Your connection with the sky

Back in the Game

Hello everyone. Remember me? It's been a while since I've posted, but there's a semi-good reason behind it. Since my last post in August, I've earned my Private Pilot's License! The experience was tense yet exciting. After getting my license, I took some time off of flying to focus on school and to pay off the rest of my training. Although it was hard to sustain life without aviation for a few months, I made it through. Before I explain how the big day went, I'll explain the month or so leading up to it.

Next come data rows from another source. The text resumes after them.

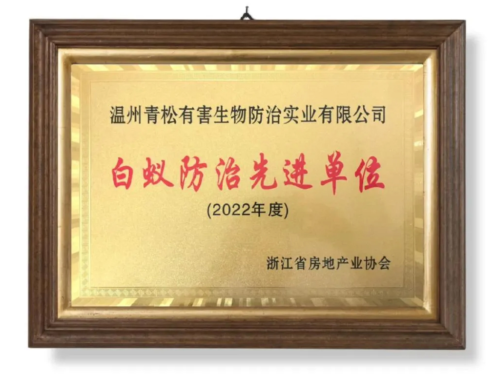 作為浙江省房地產(chǎn)協(xié)會(huì)白蟻防治企業(yè)一級(jí)單位及理事單位,溫州青松擁有專業(yè)的治理經(jīng)驗(yàn)和資質(zhì),并在2022年被評(píng)為浙江省房地產(chǎn)業(yè)協(xié)會(huì)白蟻防治先進(jìn)單位。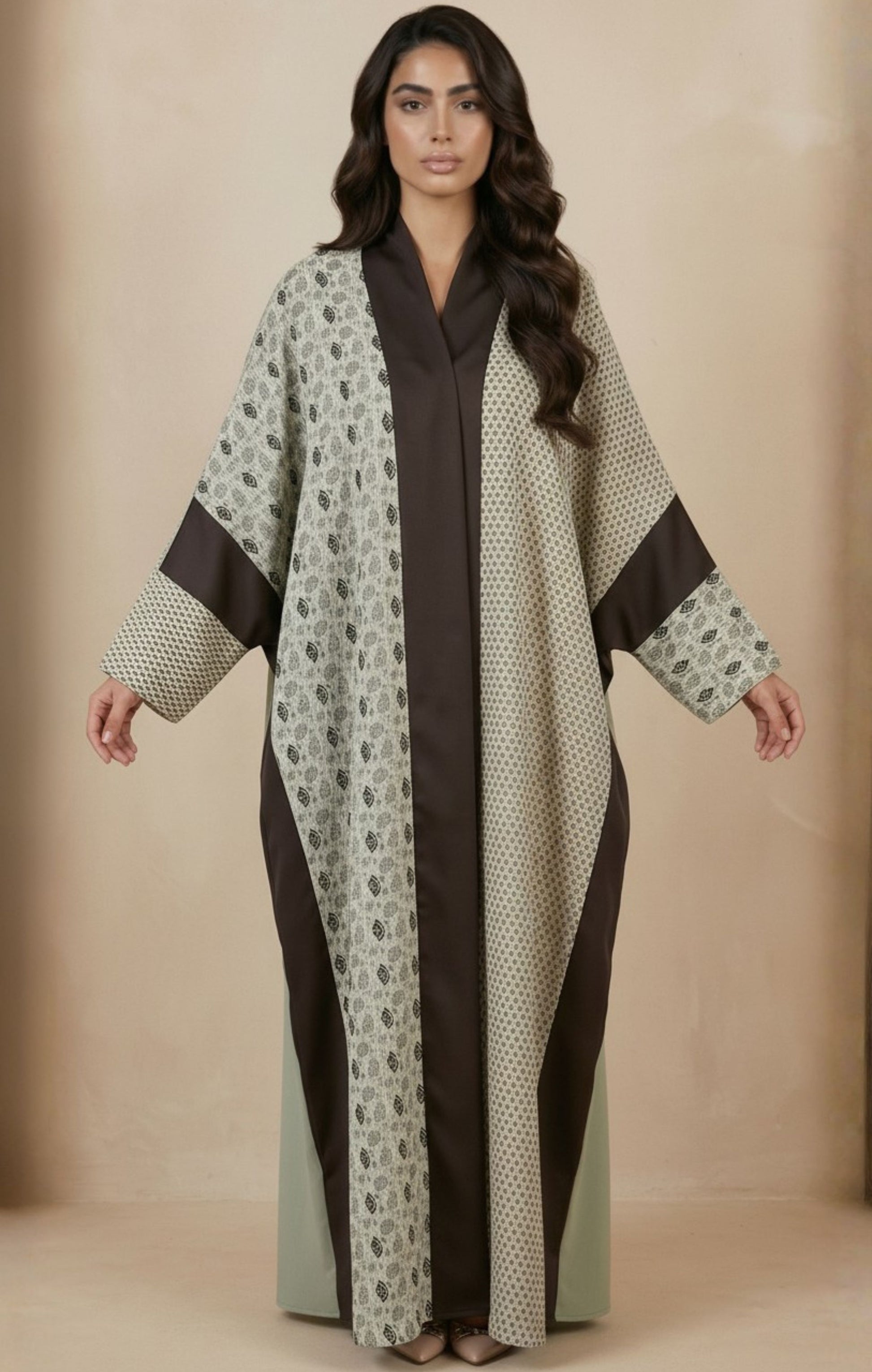 قطعة محتشمة بتصميم أنيق وسهل، مناسبة للمرأة التي تحب الإطلالة الراقية مع الراحة في نفس الوقت. تأتي بقَصّة انسيابية وتفاصيل متوازنة بأقمشة ونقشات هادئة تعطي شكلًا مميزًا بدون مبالغة.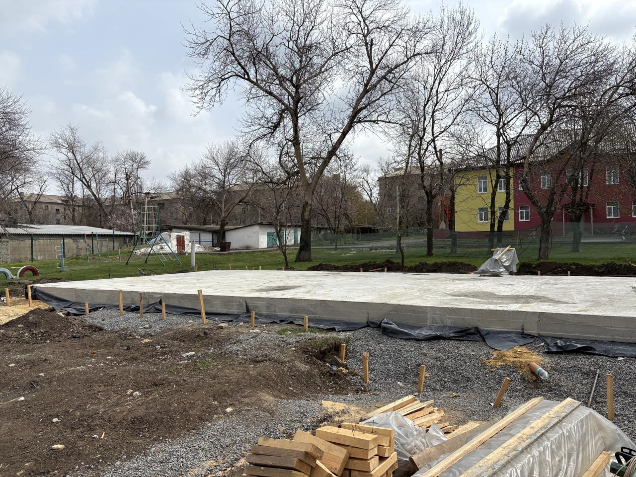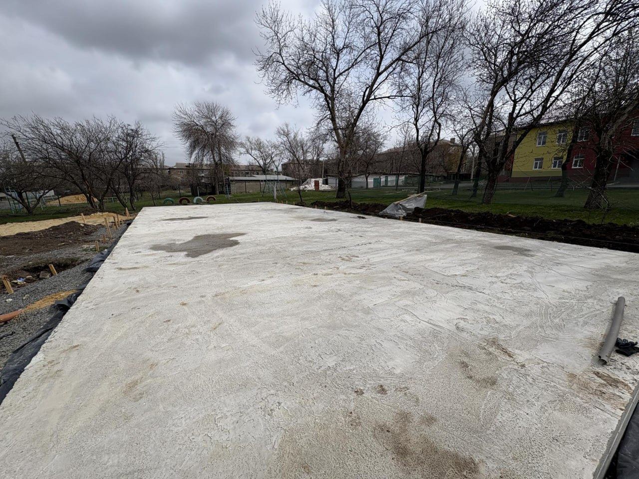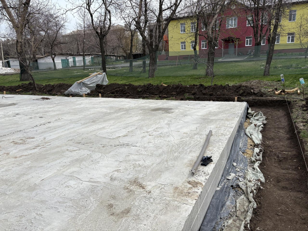 В Стожковском детском саду № 16 приступили к заливке фундамента здания.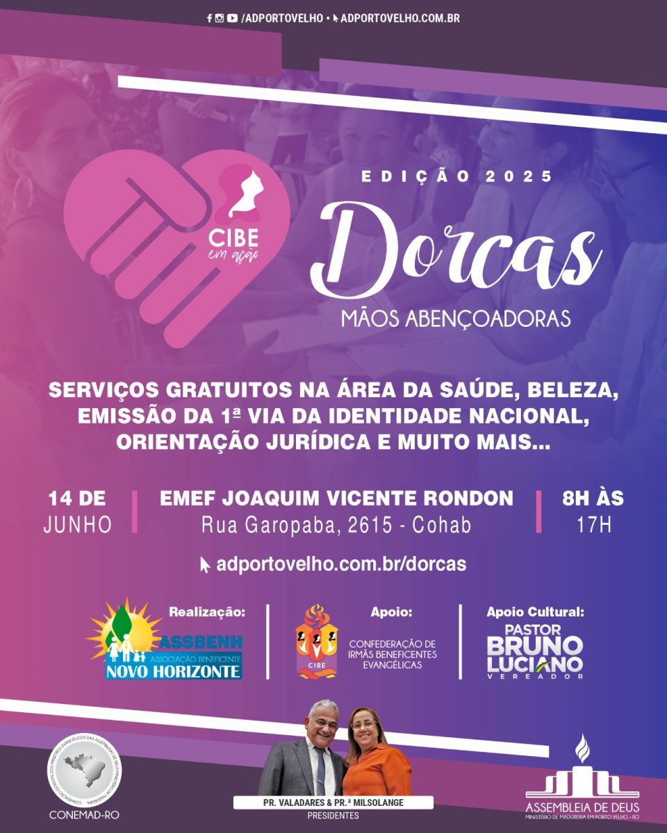 A Confederação de Irmãs Beneficentes Evangélicas de Porto Velho - CIBE, departamento que integra a Assembleia de Deus Ministério de Madureira, em parceria com a Associação Beneficente Novo Horizonte - ASSBENH, realizará no próximo dia 14 de junho (sábado) a partir das 8h nas dependências da Escola Municipal Joaquim Vicente Rondon – Zona Sul da capital, a 8ª edição da Ação Social Dorcas – Mãos Abençoadoras, com serviços em diversas áreas para toda a comunidade em geral.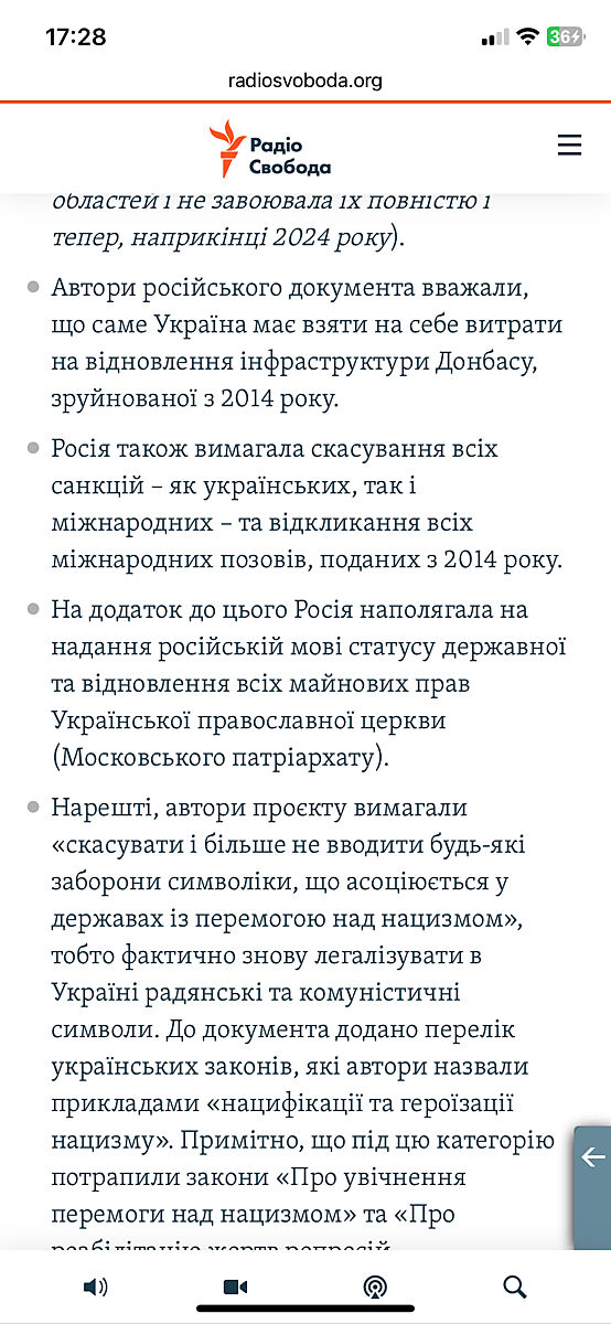 Уже з´явилась інформація що це самі перші умови які росія видвинула нам 7.03.22 але потім їх помякшила. Наприклад, вона згодна була відійти на кордони 24.02.2022. Думаю і інші умови були пом´якшені з часом.. а ці умови навмисне просочились в ЗМІ саме ЗАРАЗ, бо дуже багато людей ставили питання чому зелень пішов з-за столу перемовин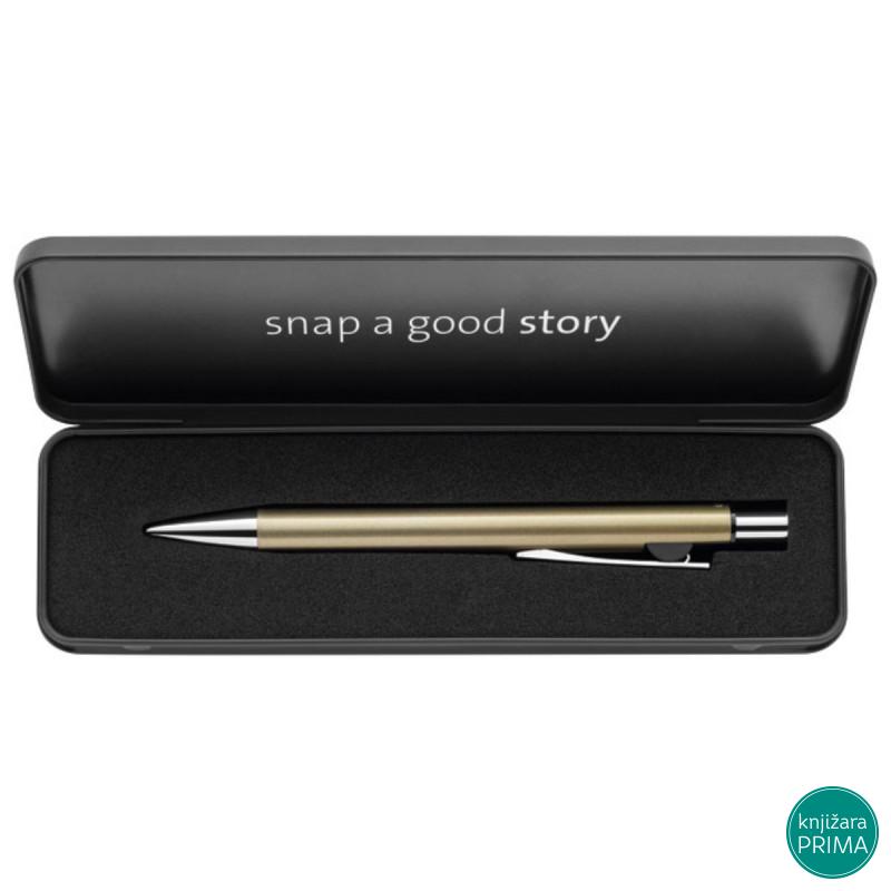 OLOVKA HEMIJSKA Snap Metallic metalna; mesingani vrh; dizajn prilagođen ljudima koji preferiraju minimalističku estetiku; završna obrada pearl (sedef) efekat naglašava visok kvalitet; mehanizam na dugme; pritiskom na gornji deo štipaljke mehanizam se otključava i vrh se uvlači; debljina ispisa M; boja ispisa plava; ne blijedi (document proof) prema ISO 12757-2; pogodna za laser štampu; dostupna u 6 metalik boja: srebrna, platina, zlatna, roze, bakarna i plava. Detaljnije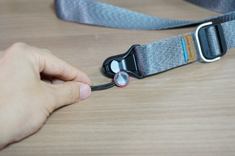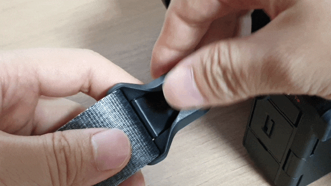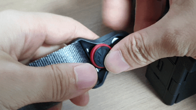체결할 때는 그냥 넣어주면 딱 맞춰서 장착이 되고요. 풀고자 할 때는 가볍게 꾹 눌러서 슬라이드하면 손쉽게 해제할 수 있습니다. 특히 삼각대에 거치해서 여러 방향으로 화각을 조절해야할 때, 영상을 촬영할 때는 이렇게 스트랩을 해제한 상태에서 활용하는 게 좋을 것 같다는 생각이 듭니다.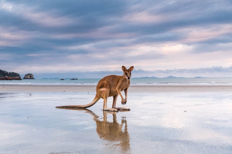 Twilight on the beach at Cape Hillsborough with a resident roo

I spent almost all of August preparing for my checkride. At the beginning of the month, Dana and I called Mr. Bob Clarke and scheduled the test for September 5th; my 17th birthday. Having a concrete date set, helped me keep my eye on the prize. My first prep flight was August 21 and consisted of the usual takeoff and landing exercises; short and soft field takeoffs and landings. I started taking a more aggressive practice schedule about a week before my checkride. I met with Dana for three days straight to try and clean things up. We worked on everything in order to sharpen my skills. Takeoffs, landings, steep turns, stalls, ground-reference-maneuvers; you name it, we practiced it. In those three days, I ended up flying 3.2 hours with 15 landings! The Monday through Friday before my checkride, I took out time at school and at night to study up on the ground material and airplane procedures. I focused on the regulations and document requirements a tad more since I had struggled with them in the past. The day before the checkride, I took to the practice area one more time for some "cramming". This also gave me time to ensure all of the paperwork was correct and in the aircraft. Needless to say, sleep did not come easy that Friday night.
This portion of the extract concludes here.